Problem requirements:
Quote the entries in full, character for character, without their images.

Excerpted data:

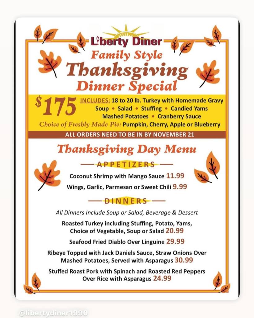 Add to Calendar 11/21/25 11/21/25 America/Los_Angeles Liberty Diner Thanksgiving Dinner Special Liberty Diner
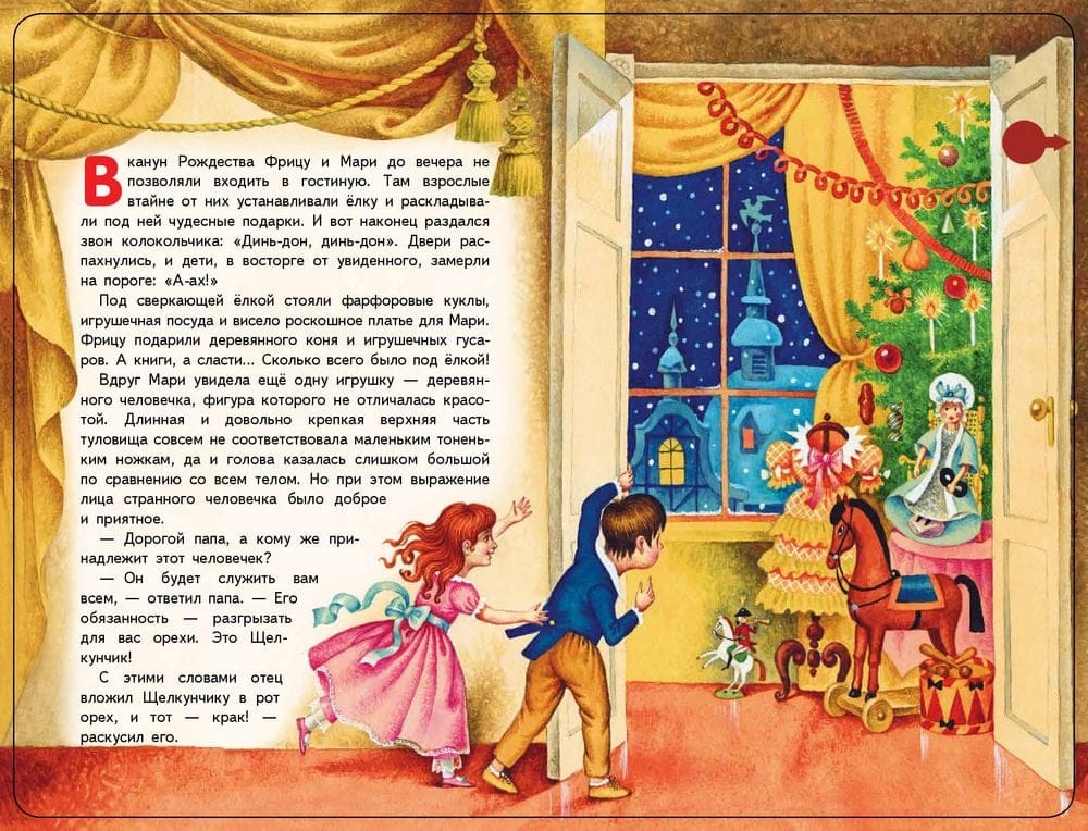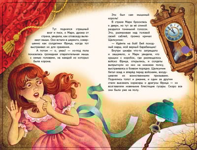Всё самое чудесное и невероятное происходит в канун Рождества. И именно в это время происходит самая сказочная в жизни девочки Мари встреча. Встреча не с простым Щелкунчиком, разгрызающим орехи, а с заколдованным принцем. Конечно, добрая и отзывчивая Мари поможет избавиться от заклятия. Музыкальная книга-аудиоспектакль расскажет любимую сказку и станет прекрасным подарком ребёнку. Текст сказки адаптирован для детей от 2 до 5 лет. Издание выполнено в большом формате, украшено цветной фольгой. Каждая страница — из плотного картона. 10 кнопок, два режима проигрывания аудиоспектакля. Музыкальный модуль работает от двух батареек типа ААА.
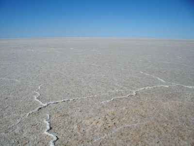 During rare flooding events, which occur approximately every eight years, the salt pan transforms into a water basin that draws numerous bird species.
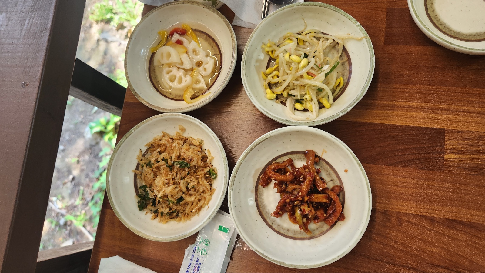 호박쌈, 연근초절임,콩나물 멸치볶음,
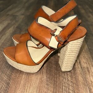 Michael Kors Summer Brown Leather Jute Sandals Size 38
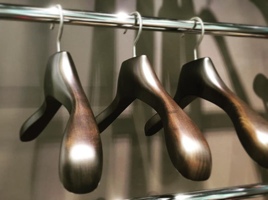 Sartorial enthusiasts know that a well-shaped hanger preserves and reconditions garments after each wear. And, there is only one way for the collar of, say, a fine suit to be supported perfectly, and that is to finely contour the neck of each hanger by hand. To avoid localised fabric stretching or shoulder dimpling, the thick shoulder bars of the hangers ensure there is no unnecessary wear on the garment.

Response to this exercise:
 Add to Calendar 11/21/25 11/21/25 America/Los_Angeles Liberty Diner Thanksgiving Dinner Special Liberty Diner
Всё самое чудесное и невероятное происходит в канун Рождества. И именно в это время происходит самая сказочная в жизни девочки Мари встреча. Встреча не с простым Щелкунчиком, разгрызающим орехи, а с заколдованным принцем. Конечно, добрая и отзывчивая Мари поможет избавиться от заклятия. Музыкальная книга-аудиоспектакль расскажет любимую сказку и станет прекрасным подарком ребёнку. Текст сказки адаптирован для детей от 2 до 5 лет. Издание выполнено в большом формате, украшено цветной фольгой. Каждая страница — из плотного картона. 10 кнопок, два режима проигрывания аудиоспектакля. Музыкальный модуль работает от двух батареек типа ААА.
 During rare flooding events, which occur approximately every eight years, the salt pan transforms into a water basin that draws numerous bird species.
 호박쌈, 연근초절임,콩나물 멸치볶음,
 Michael Kors Summer Brown Leather Jute Sandals Size 38
 Sartorial enthusiasts know that a well-shaped hanger preserves and reconditions garments after each wear. And, there is only one way for the collar of, say, a fine suit to be supported perfectly, and that is to finely contour the neck of each hanger by hand. To avoid localised fabric stretching or shoulder dimpling, the thick shoulder bars of the hangers ensure there is no unnecessary wear on the garment.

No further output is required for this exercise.